• Task item
Your copy should hold every record verbatim and none of the pictures.

• Exercise data
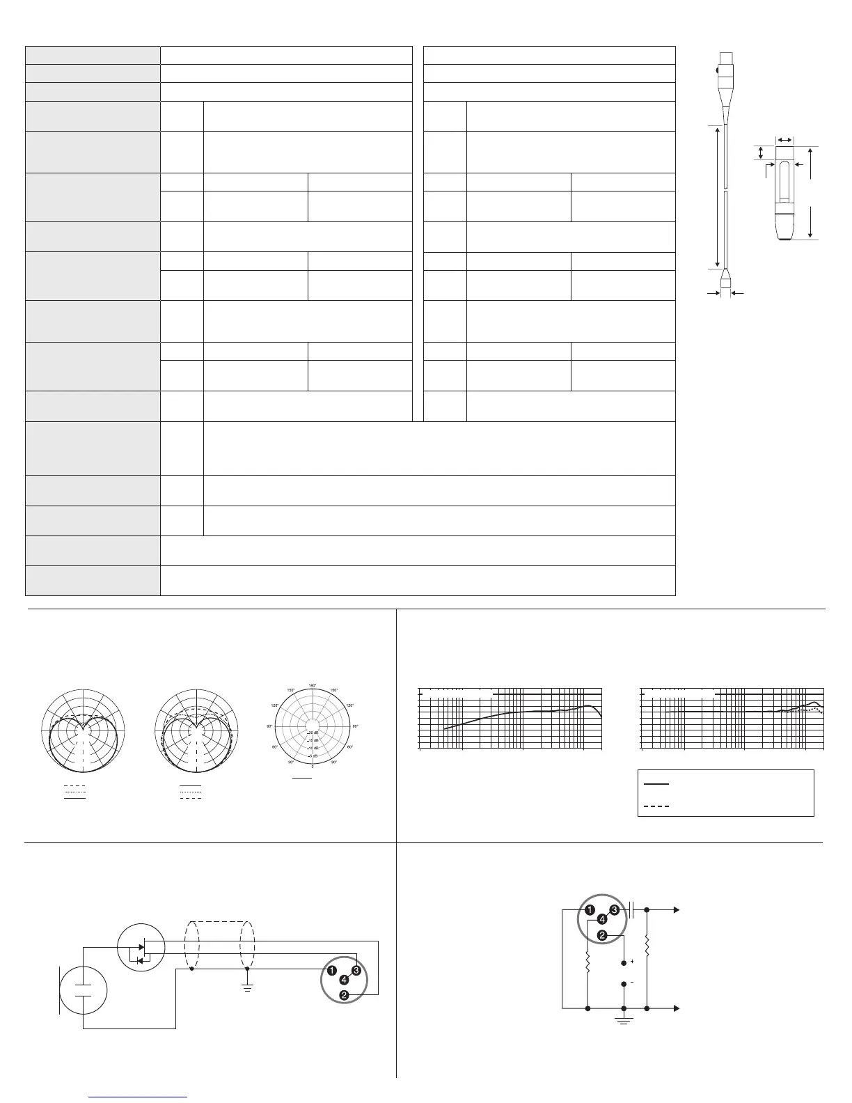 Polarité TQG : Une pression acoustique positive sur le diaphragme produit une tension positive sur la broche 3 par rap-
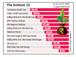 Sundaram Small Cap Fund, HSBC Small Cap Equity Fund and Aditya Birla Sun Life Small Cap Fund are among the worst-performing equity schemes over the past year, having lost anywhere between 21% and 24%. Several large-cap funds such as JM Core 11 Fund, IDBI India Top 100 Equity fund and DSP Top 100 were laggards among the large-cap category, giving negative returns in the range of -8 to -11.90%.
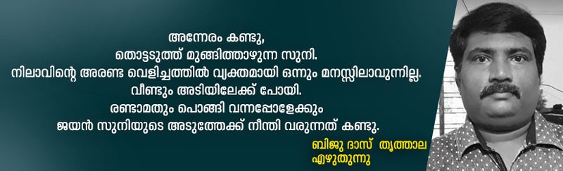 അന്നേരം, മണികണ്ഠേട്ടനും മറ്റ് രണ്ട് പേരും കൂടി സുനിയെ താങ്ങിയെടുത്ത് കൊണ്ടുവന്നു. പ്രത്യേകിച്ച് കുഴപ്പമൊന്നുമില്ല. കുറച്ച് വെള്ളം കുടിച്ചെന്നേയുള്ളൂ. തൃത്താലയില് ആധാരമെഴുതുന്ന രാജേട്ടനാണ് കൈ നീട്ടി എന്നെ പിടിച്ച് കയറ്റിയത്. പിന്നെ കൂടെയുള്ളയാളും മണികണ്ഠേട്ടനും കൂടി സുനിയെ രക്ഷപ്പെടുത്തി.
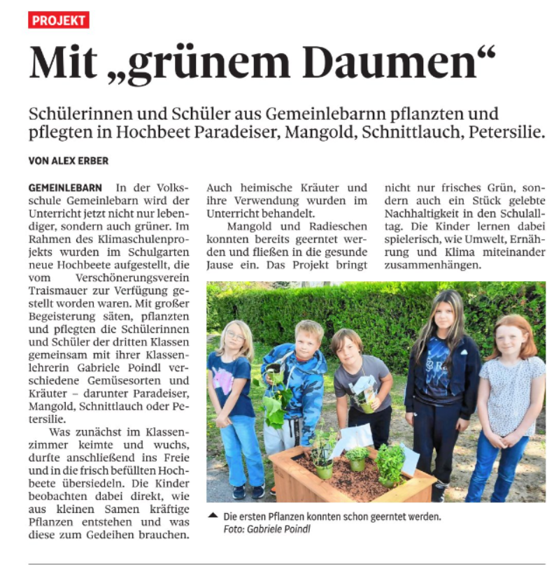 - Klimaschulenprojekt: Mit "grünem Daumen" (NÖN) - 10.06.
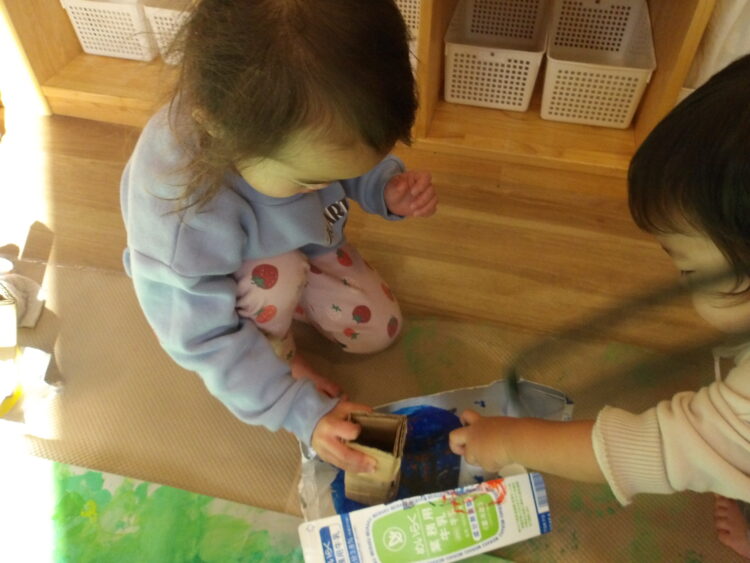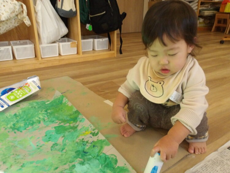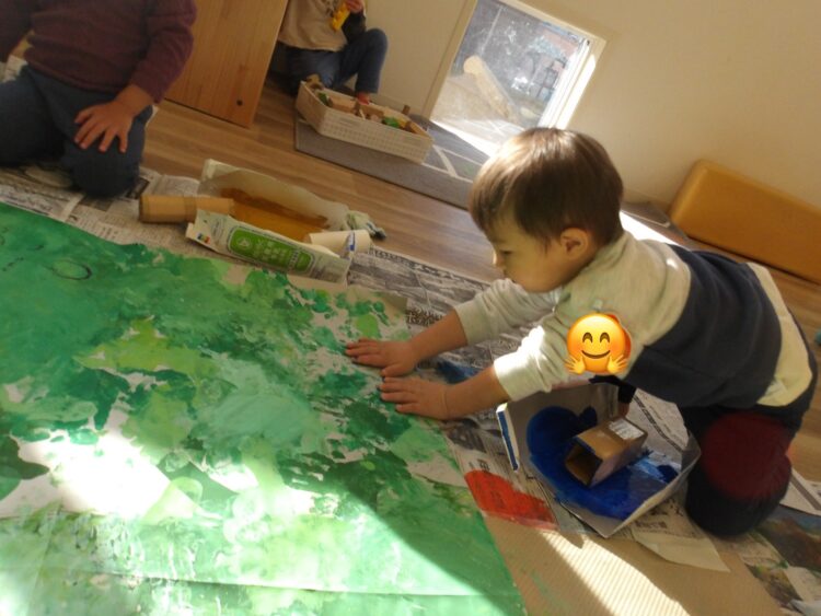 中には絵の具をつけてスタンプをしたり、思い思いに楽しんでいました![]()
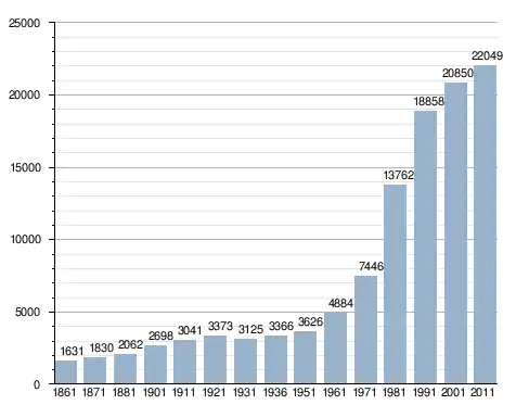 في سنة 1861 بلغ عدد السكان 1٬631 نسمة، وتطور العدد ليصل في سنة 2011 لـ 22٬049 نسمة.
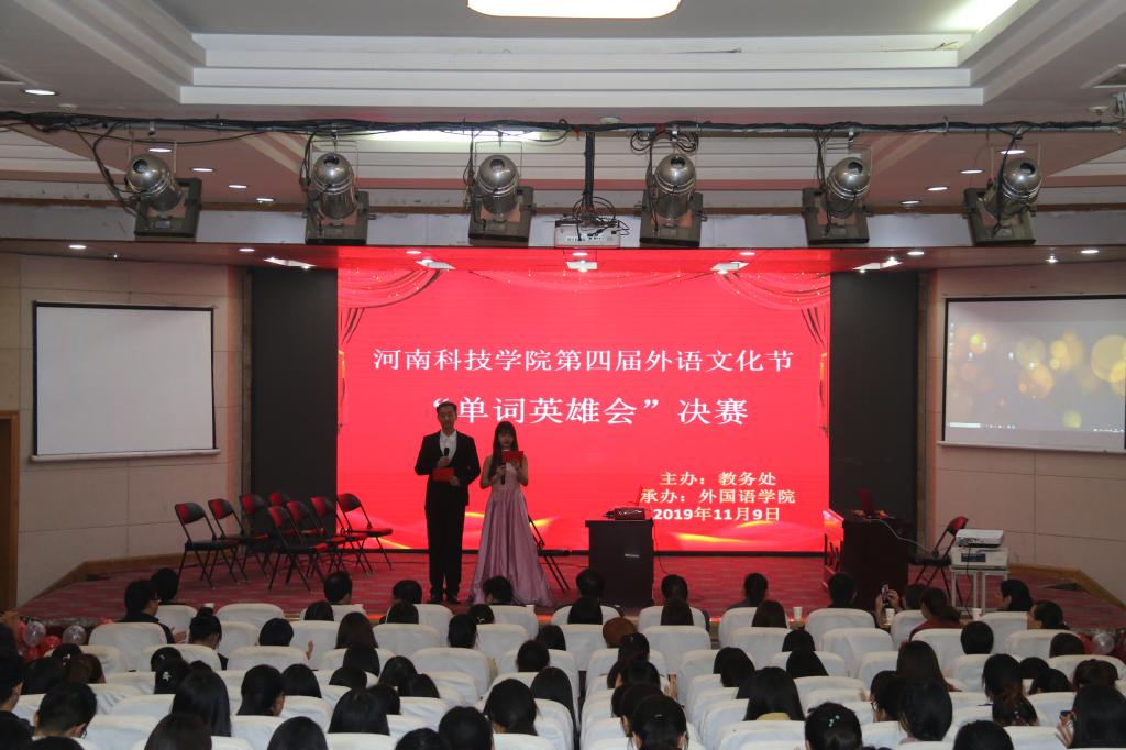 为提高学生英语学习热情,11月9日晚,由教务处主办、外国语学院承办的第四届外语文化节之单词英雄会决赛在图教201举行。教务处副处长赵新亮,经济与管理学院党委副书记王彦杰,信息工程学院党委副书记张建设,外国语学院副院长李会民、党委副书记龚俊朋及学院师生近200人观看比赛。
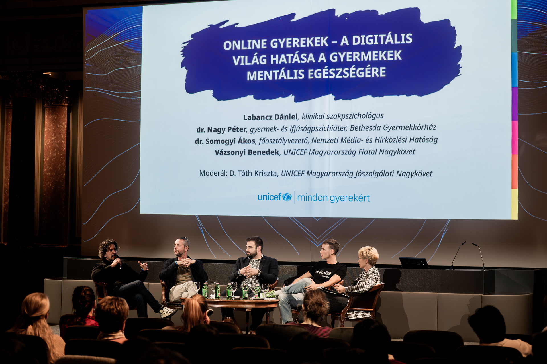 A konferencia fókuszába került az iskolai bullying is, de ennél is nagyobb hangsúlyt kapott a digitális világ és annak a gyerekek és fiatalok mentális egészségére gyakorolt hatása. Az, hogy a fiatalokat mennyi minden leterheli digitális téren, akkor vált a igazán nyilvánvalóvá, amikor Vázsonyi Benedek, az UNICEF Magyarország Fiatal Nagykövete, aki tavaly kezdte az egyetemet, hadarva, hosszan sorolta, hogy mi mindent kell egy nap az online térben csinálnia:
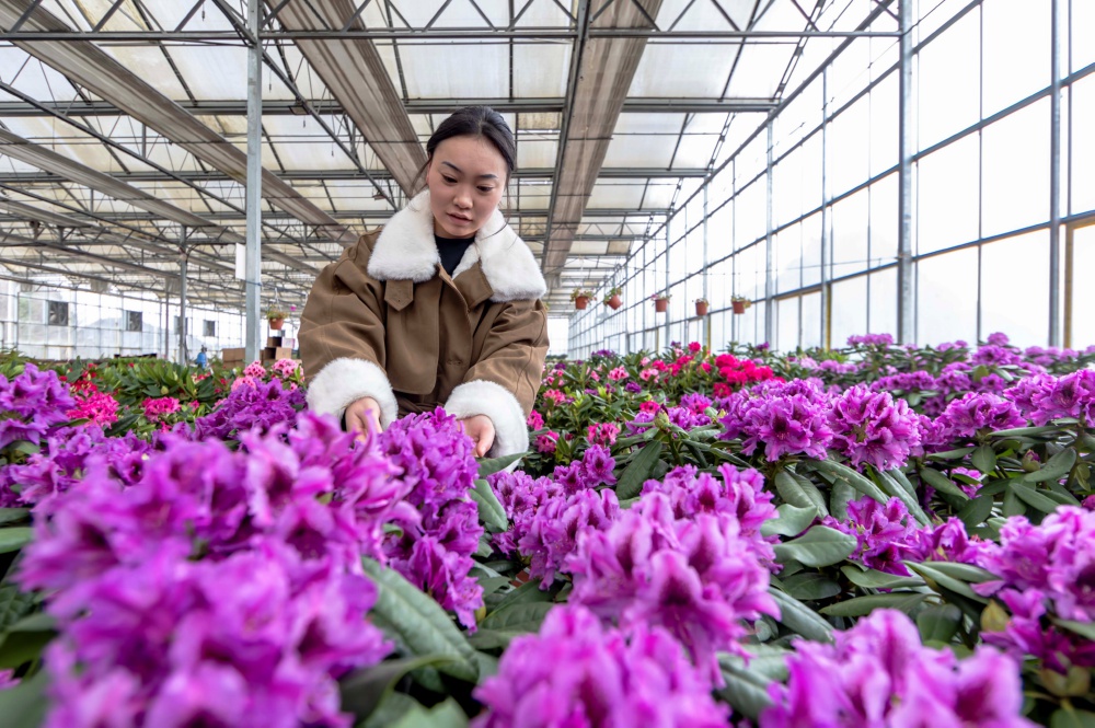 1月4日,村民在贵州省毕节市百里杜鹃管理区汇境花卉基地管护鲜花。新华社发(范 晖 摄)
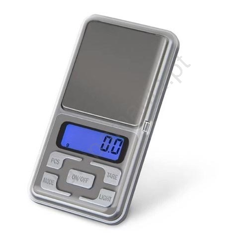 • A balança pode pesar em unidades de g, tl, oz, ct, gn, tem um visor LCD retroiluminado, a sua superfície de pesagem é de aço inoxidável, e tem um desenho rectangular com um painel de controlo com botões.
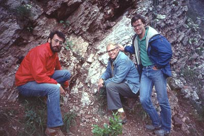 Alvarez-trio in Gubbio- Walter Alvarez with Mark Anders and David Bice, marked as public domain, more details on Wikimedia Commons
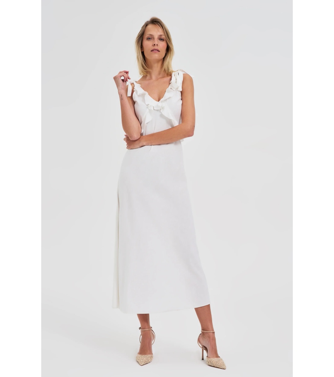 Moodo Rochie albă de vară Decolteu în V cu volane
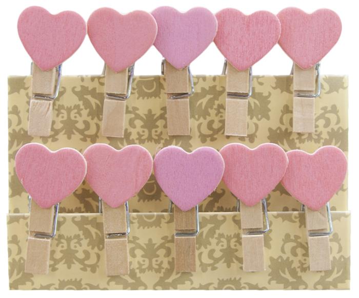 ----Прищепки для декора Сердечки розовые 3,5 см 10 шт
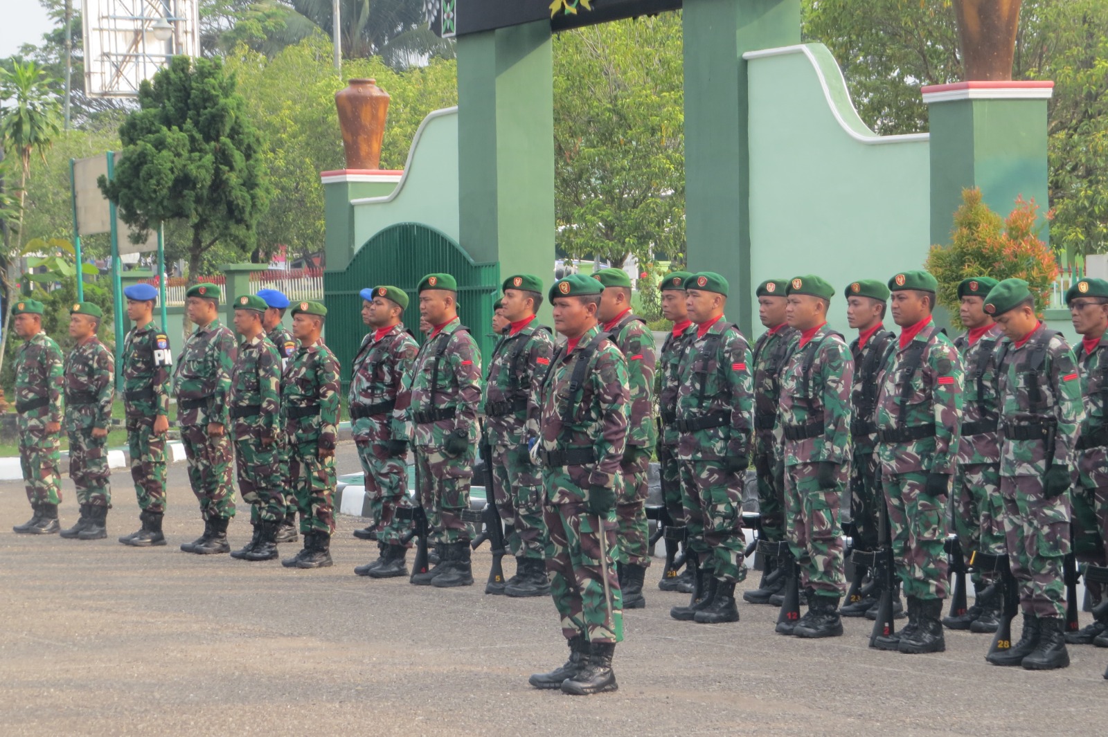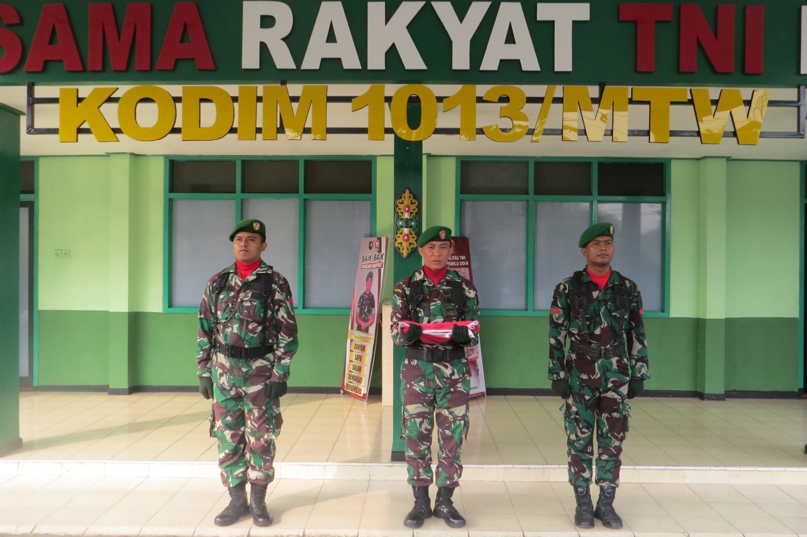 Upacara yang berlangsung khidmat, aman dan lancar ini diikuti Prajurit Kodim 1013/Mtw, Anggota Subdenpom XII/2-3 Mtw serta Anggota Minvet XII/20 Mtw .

• Exercise result
 Polarité TQG : Une pression acoustique positive sur le diaphragme produit une tension positive sur la broche 3 par rap-
 Sundaram Small Cap Fund, HSBC Small Cap Equity Fund and Aditya Birla Sun Life Small Cap Fund are among the worst-performing equity schemes over the past year, having lost anywhere between 21% and 24%. Several large-cap funds such as JM Core 11 Fund, IDBI India Top 100 Equity fund and DSP Top 100 were laggards among the large-cap category, giving negative returns in the range of -8 to -11.90%.
 അന്നേരം, മണികണ്ഠേട്ടനും മറ്റ് രണ്ട് പേരും കൂടി സുനിയെ താങ്ങിയെടുത്ത് കൊണ്ടുവന്നു. പ്രത്യേകിച്ച് കുഴപ്പമൊന്നുമില്ല. കുറച്ച് വെള്ളം കുടിച്ചെന്നേയുള്ളൂ. തൃത്താലയില് ആധാരമെഴുതുന്ന രാജേട്ടനാണ് കൈ നീട്ടി എന്നെ പിടിച്ച് കയറ്റിയത്. പിന്നെ കൂടെയുള്ളയാളും മണികണ്ഠേട്ടനും കൂടി സുനിയെ രക്ഷപ്പെടുത്തി.
 - Klimaschulenprojekt: Mit "grünem Daumen" (NÖN) - 10.06.
 中には絵の具をつけてスタンプをしたり、思い思いに楽しんでいました![]()
 في سنة 1861 بلغ عدد السكان 1٬631 نسمة، وتطور العدد ليصل في سنة 2011 لـ 22٬049 نسمة.
 为提高学生英语学习热情,11月9日晚,由教务处主办、外国语学院承办的第四届外语文化节之单词英雄会决赛在图教201举行。教务处副处长赵新亮,经济与管理学院党委副书记王彦杰,信息工程学院党委副书记张建设,外国语学院副院长李会民、党委副书记龚俊朋及学院师生近200人观看比赛。
 A konferencia fókuszába került az iskolai bullying is, de ennél is nagyobb hangsúlyt kapott a digitális világ és annak a gyerekek és fiatalok mentális egészségére gyakorolt hatása. Az, hogy a fiatalokat mennyi minden leterheli digitális téren, akkor vált a igazán nyilvánvalóvá, amikor Vázsonyi Benedek, az UNICEF Magyarország Fiatal Nagykövete, aki tavaly kezdte az egyetemet, hadarva, hosszan sorolta, hogy mi mindent kell egy nap az online térben csinálnia:
 1月4日,村民在贵州省毕节市百里杜鹃管理区汇境花卉基地管护鲜花。新华社发(范 晖 摄)
 • A balança pode pesar em unidades de g, tl, oz, ct, gn, tem um visor LCD retroiluminado, a sua superfície de pesagem é de aço inoxidável, e tem um desenho rectangular com um painel de controlo com botões.
 Alvarez-trio in Gubbio- Walter Alvarez with Mark Anders and David Bice, marked as public domain, more details on Wikimedia Commons
 Moodo Rochie albă de vară Decolteu în V cu volane
 ----Прищепки для декора Сердечки розовые 3,5 см 10 шт
 Upacara yang berlangsung khidmat, aman dan lancar ini diikuti Prajurit Kodim 1013/Mtw, Anggota Subdenpom XII/2-3 Mtw serta Anggota Minvet XII/20 Mtw .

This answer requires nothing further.